Улу Бег отсыпался, поднимаясь лишь затем, чтобы совершить омовение и помолиться. Он спал и ел. Он лежал в постели, глядя в потолок. Текли часы, может, даже дни.
– Придется просто начать все сначала, – сказал ему Спешнев на своем рубленом английском, языке их общения.
– Ладно, – отозвался Улу Бег.
– Жилет, – сказал русский. – Жилет, который может остановить пулю от «скорпиона» с близкого расстояния. Какое замечательное американское изобретение.
– Голова. В следующий раз – в голову.
– Разумеется.
– Но когда?
– Скоро, друг мой. А пока отдыхайте. Наслаждайтесь покоем.
– Где мы?
– В штате Мэриленд, на полуострове. Это старинное поместье построил человек, который нажил миллионы долларов на производстве – автомобилей? Самолетов? Стиральных машин? Нет. Горчицы! Для сосисок. Десять тысяч акров, сады, бассейны, теннисные корты, особняк в девятнадцать комнат, два домика для гостей, коллекция великолепных живописных полотен, мебель в стиле чиппендейл, редкие старинные книги. На горчице! А налоги нынче так высоки, что только Союз Советских Социалистических Республик может позволить себе всю эту роскошь!

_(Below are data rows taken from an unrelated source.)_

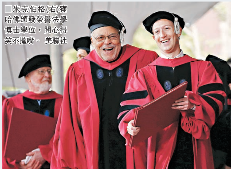
朱克伯格(右)獲哈佛頒發榮譽法學博士學位，開心得笑不攏嘴。

社交網站facebook(f)創辦人朱克伯格2004年5月從美國哈佛大學輟學，埋首發展fb，事隔13年後重回母校，領取校方頒發的榮譽法學博士學位。他在演講時寄語畢業生，應以創造所有人都具使命感的世界為目標，對抗不平等，以及強化全球社群。
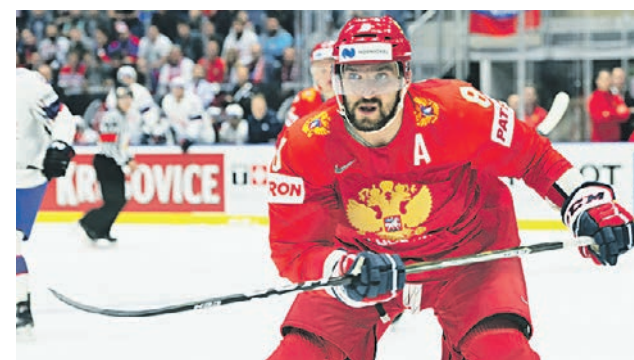
10 мая 2019 года. Александр Овечкин во время матча чемпионата мира по хоккею — 2019 между сборными России и Норвегии

Александр Овечкин — первый русский капитан, поднявший над головой Кубок Стэнли и второй русский, ставший самым ценным игроком в плей-офф. Из чаши трофея хоккеист ел черную икру, отмечая завоевание престижной награды.
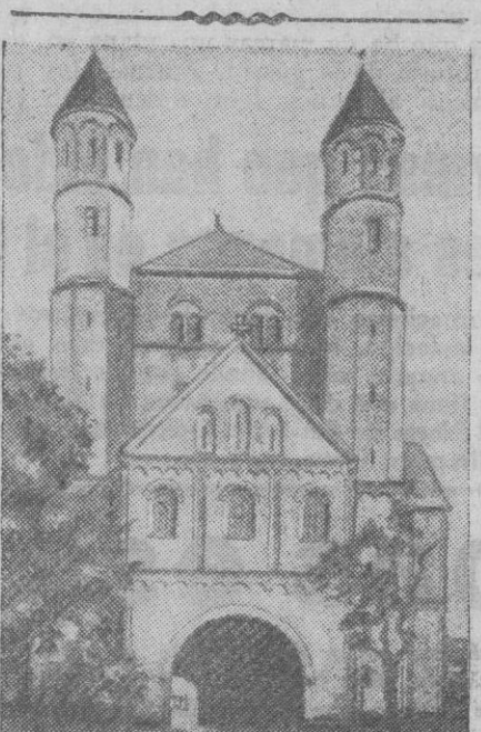
EL BOMBARDEO DE COLONIA.—Entre los edificios destruidos por los bombardeos aéreos ingleses, figura la iglesia de San Pantaleón, que vemos en el grabado.

Tokio, 13 (5 t.).—Gran cantidad de armamento, municiones y material de guerra destinado al Gobierno de Chung King ha sido capturado por las tropas japonesas que avanzan a lo largo de la carretera de Birmania hacia el interior de China. Entre el botín recogido últimamente figuran quince tanques, seis auto-ametralladoras y 1.200 vehículos automóviles. Efe.
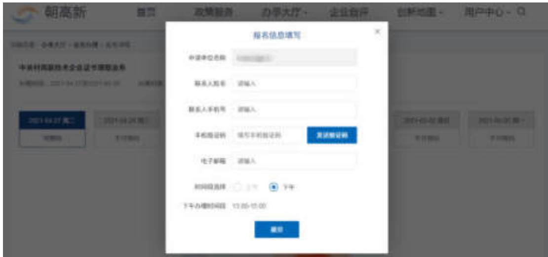
图 6.1-3 业务预约页面

选择预约时间后，可填写业务预约信息，包括申请单位名称、联系人姓名、联系人手机号、手机验证码、电子邮箱、时间段选择，如图：
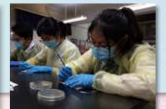
學生以細菌作畫，發揮藝術天賦
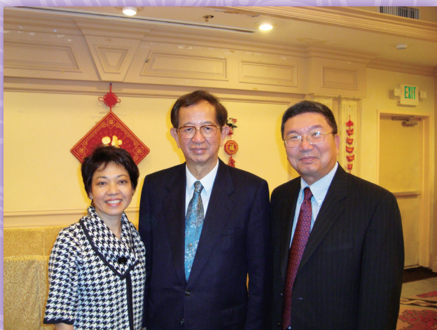
▲2009年邀請李遠哲博士來洛杉磯做專題演講

高中時代，化學、生物是最感興趣的科目，農化系自然成為選擇的科系，中興農化系土壤肥料組就是自己優先選擇的科系之一。沒有了高中時代學校嚴格的限制，大學

Толстый русский довольно улыбнулся собственной шутке; он говорил так гладко, что Улу Бег был уверен – это была дорогая его сердцу речь, произносимая уже в тысячный раз. По выжидательному взгляду полковника курд понял, что ему полагается тоже счесть ее забавной, и улыбнулся из вежливости, хотя понятия не имел, что такое горчица.

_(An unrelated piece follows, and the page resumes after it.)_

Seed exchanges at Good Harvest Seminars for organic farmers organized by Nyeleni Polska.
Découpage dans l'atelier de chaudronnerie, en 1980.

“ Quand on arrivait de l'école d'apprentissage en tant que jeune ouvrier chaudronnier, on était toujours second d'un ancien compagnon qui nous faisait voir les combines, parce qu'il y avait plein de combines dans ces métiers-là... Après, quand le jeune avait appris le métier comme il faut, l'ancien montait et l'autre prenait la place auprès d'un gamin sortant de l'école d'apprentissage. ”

Удовлетворенный, русский откинулся назад. Они находились в роскошной спальне домика для гостей. За окнами пруд, по глади которого скользили лебеди, переходил в болото. А с крыльца открывался вид на три различных пейзажа: луг, болото и сверкающее водное зеркало, гладкое и безмятежное. То было царство синего и зеленого – кеск-о-шин по-курдски – и тишины. То и дело налетал легкий ветерок; эта картина очень поддерживала Улу Бега.
– Я не перестаю поражаться тому, что вам удалось совершить, – сказал русский. – Вы пересекли чужую страну, чтобы нанести удар. Затем, исполнив свой замысел, ускользнули от преследования. А когда мы вышли с вами на контакт, вы обдумывали новый удар. Вы – необыкновенный человек.
Русский щедро пускал в ход лесть. Улу Бег уже привык к этому, но все равно не уставал удивляться, какой прочный стальной стержень кроется под этим жирком. У русского были серые глаза – добрые глаза, честное слово, – и светлые волосы, которые при определенном освещении казались почти белыми. Костюмы его были вечно измяты, а двигался он, как клоун. И все же, за его излишним весом, похоже, скрывалась чудовищная сила. Палестинцы, которые помогали готовить Улу Бега в лагере Раз-Хиляль под Токрой, в Ливии, по каким-то причинам, которых Улу Бег так и не понял, называли его Аль-Лахаб, что в буквальном переводе означало «пламя». Курд решил, что этот эпитет относится к чистоте его страсти, к его силе.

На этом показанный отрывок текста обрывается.